Usa-se muito também com uma certa ideia de imperativo (não sei exatamente se é imperativo ou presente do subjuntivo, já que a gramática de Cunha e Cintra se refere a presente):

_Se puder, venha ao Brasil nas férias.
Quando tiver mais dúvidas, pergunte_ aos foreiros.

Acho que é mais ou menos o que acontece (esse sentido de imperativo, que suponho) no seu segundo exemplo:

_Quando estiver soltanto um balão, a pessoa deve pensar em algo que deseja_.

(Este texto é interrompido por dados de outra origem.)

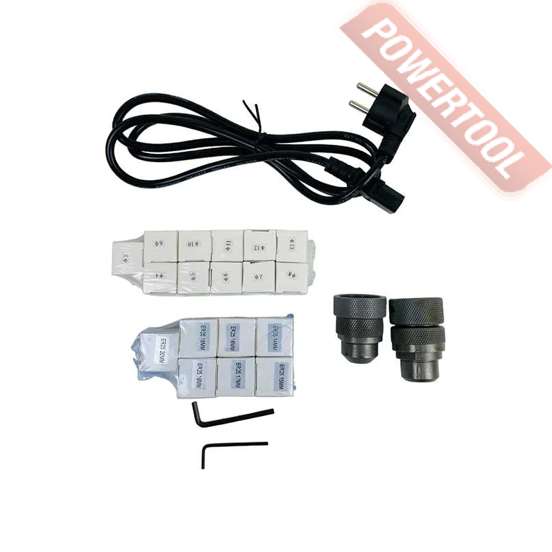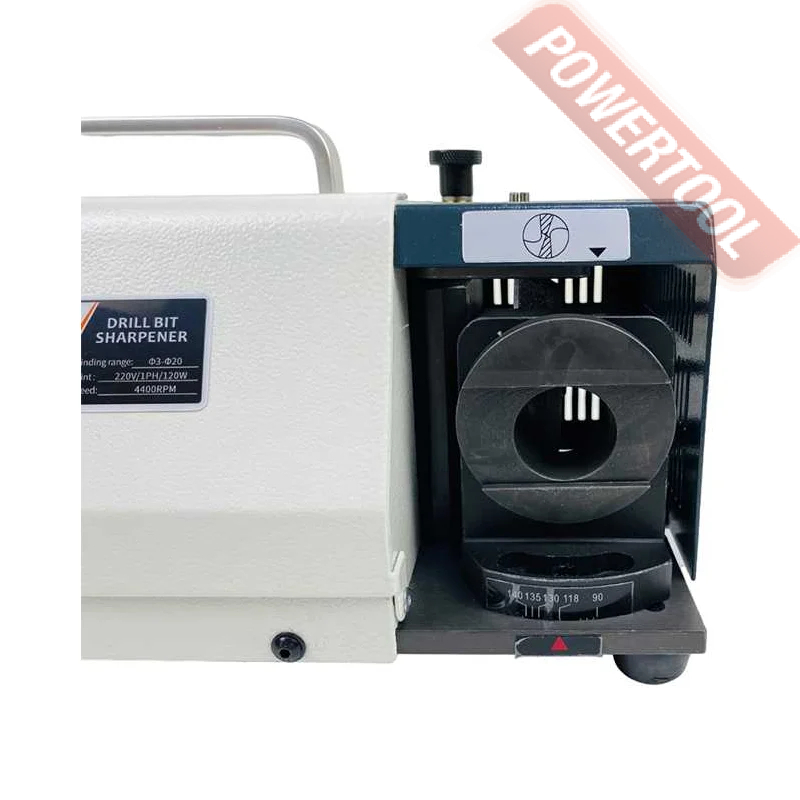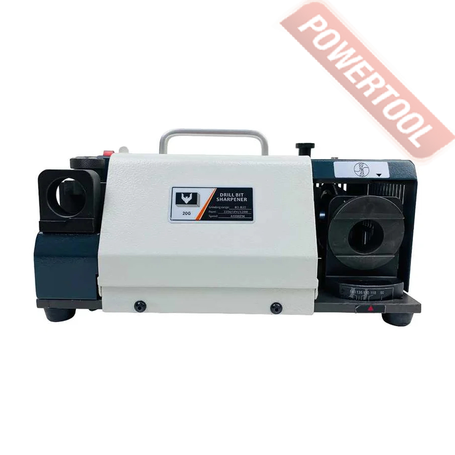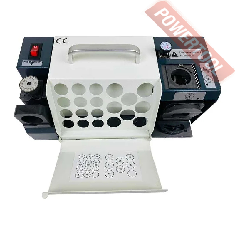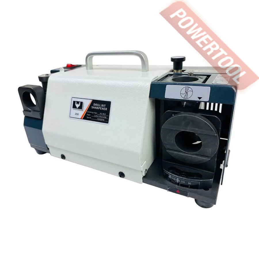 Заточной станок для заточки сверл, мощность 120 Вт, напряжение 220 В, число оборотов 4400 об/мин, диаметр затачиваемых сверл 3-20 мм, угол заточки сверла 90-140 градусов, вес 10 кг, заточной диск CBN для быстрорежущей стали, цанговый патрон ER20, цанговый патрон ER25, комплект цанг ER20 3-13 мм 11 шт, комплект цанг ER25 14-20 мм 7 шт, набор шестигранников.
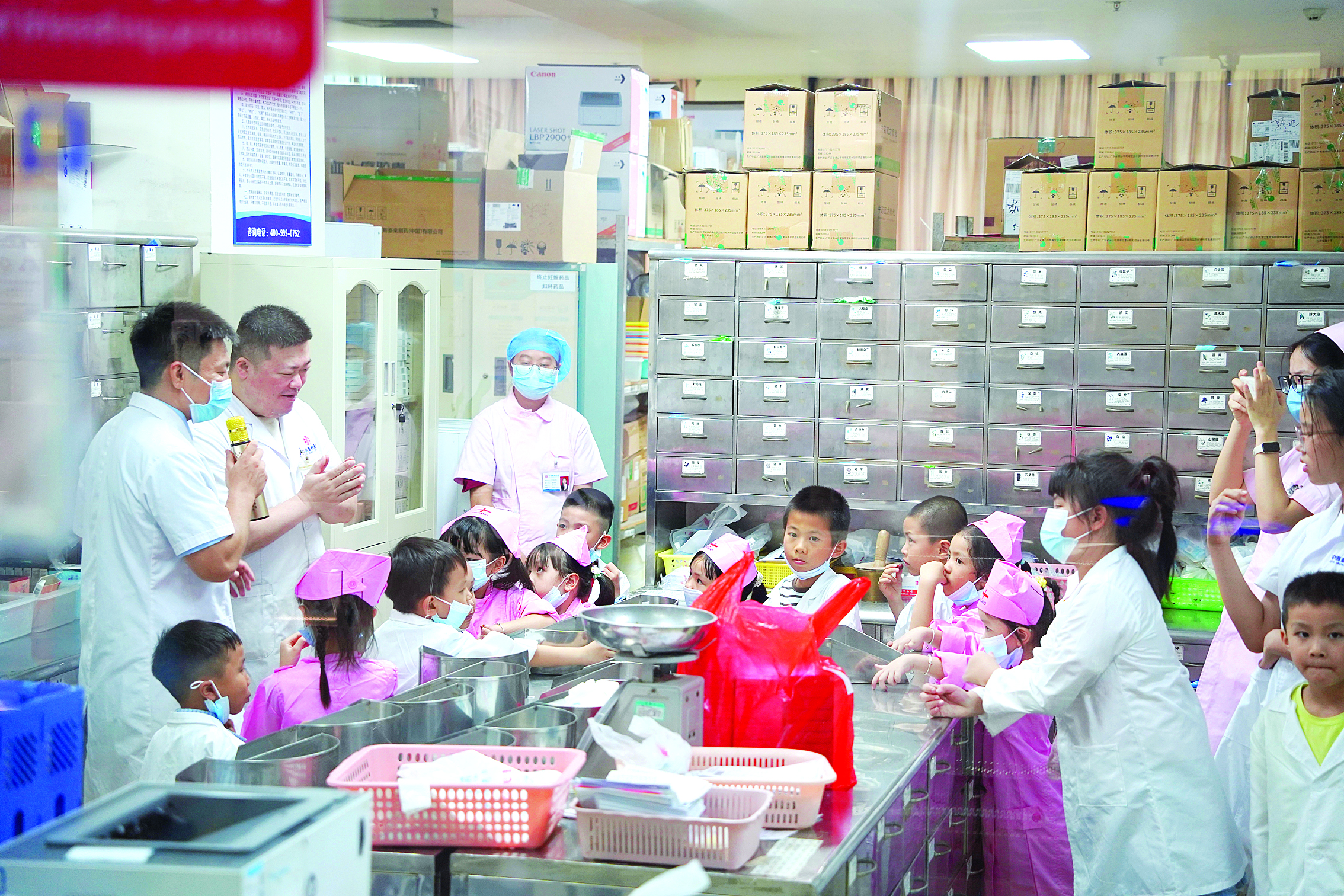 研學(xué)最后一站落腳中信惠州醫(yī)院,“職業(yè)體驗(yàn)”成為活動的最大亮點(diǎn)。小朋友們換上白大褂,化身“小醫(yī)生”“小護(hù)士”,學(xué)習(xí)傷口清潔、包扎技巧,還在中藥房學(xué)習(xí)辨識常見中藥材。“以前怕去醫(yī)院,現(xiàn)在知道了醫(yī)生叔叔護(hù)士阿姨的工作有多重要!背两襟w驗(yàn)讓健康意識與醫(yī)學(xué)認(rèn)知深深扎根在孩子們心中。

P.S.: MèngDié, a propósito, parabéns pelo "seu" português. 
P.S.: Quando editei não vi o post de Macunaíma aqui embaixo, mas, obviamente, concordo com ele. E os meus parabéns não foram influencidados por ele, porque é evidente o bom português dos seus posts.


----------



## Macunaíma

O problema das idéias clássicas é que elas têm o hábito irritante de não se materializar na realidade. Não é fácil dar as regras para como o subjuntivo se articula na fala espontânea, então é tudo tentativa. Alguns casos são mais ou menos unânimes, mas boa parte está na área cinzenta das preferências pessoais. E eu até acho que quando alguém lê uma frase dada como exemplo num fórum como este, está mais apto a dizer que acha "estranho" do que estaria se tivesse ouvido ou lido a frase por acaso, quando é possível que nem tivesse registrado nada de destoante. Melhor, MèngDié, ir _playing it by ear_, como se diz em inglês. Na minha opinião, seu português já é excelente.


----------



## MèngDié

Muito obrigado. Eu escrevo sempre melhor do que falo, porque tenho uma abordagem "intelectual" de aprender uma língua, que não necessariamente ajuda a fala...Voltemos ao exemplo citado mais acima. Agora tenho outra dúvida:

Numa bacia com água, _colocar _duas agulhas. Se elas se juntarem, é sinal de que a pessoa deve se casar em breve.  (Um português bem brasileiro, Nível 5, página 61)

Não entendo o porquê de a palavra _colocar_ estar na forma do infinitivo/futuro do subjuntivo. Entenderia melhor se a palavra _colocar_ estivesse na forma do imperativo, _i.e._, _coloque_ ou_ coloquem_. 

Talvez às vezes a forma do infinitivo possa substituir a forma do imperativo numa frase?


----------



## anaczz

Ambas as formas (infinitivo e imperativo) são usadas em receitas culinárias e outros tipos de instruções, geralmente em forma de lista. Num diálogo ou num texto mais elaborado não é possível fazer essa substituição.
No caso que você apresenta, parecem ser "receitas" de simpatias para o dia de Santo Antônio.

Receita de bolo:
Bater tudo no liquidificador, exceto o fermento.
Acrescentar o fermento e mexer até dissolver completamente.
Untar uma assadeira grande com buraco no meio e polvilhar com farinha de trigo.
Levar ao forno recém ligado, quando começar a esquentar.
Manter a temperatura do forno fogo em temperatura média.
Assar aproximadamente 20 minutos.

Poderia ser: Bata tudo... Acrescente... mexa... polvilhe... etc.


----------



## Áskera

«Caso houver/haja fogo, utilize as escadas» seria uma oração natural?

Obrigado de antemão.


----------



## guihenning

Em caso de incêndio, utilize as escadas.

Senão «caso haja» que é gramatical, mas não muito natural de tratar casos de incêndio, pelo menos no Brasil.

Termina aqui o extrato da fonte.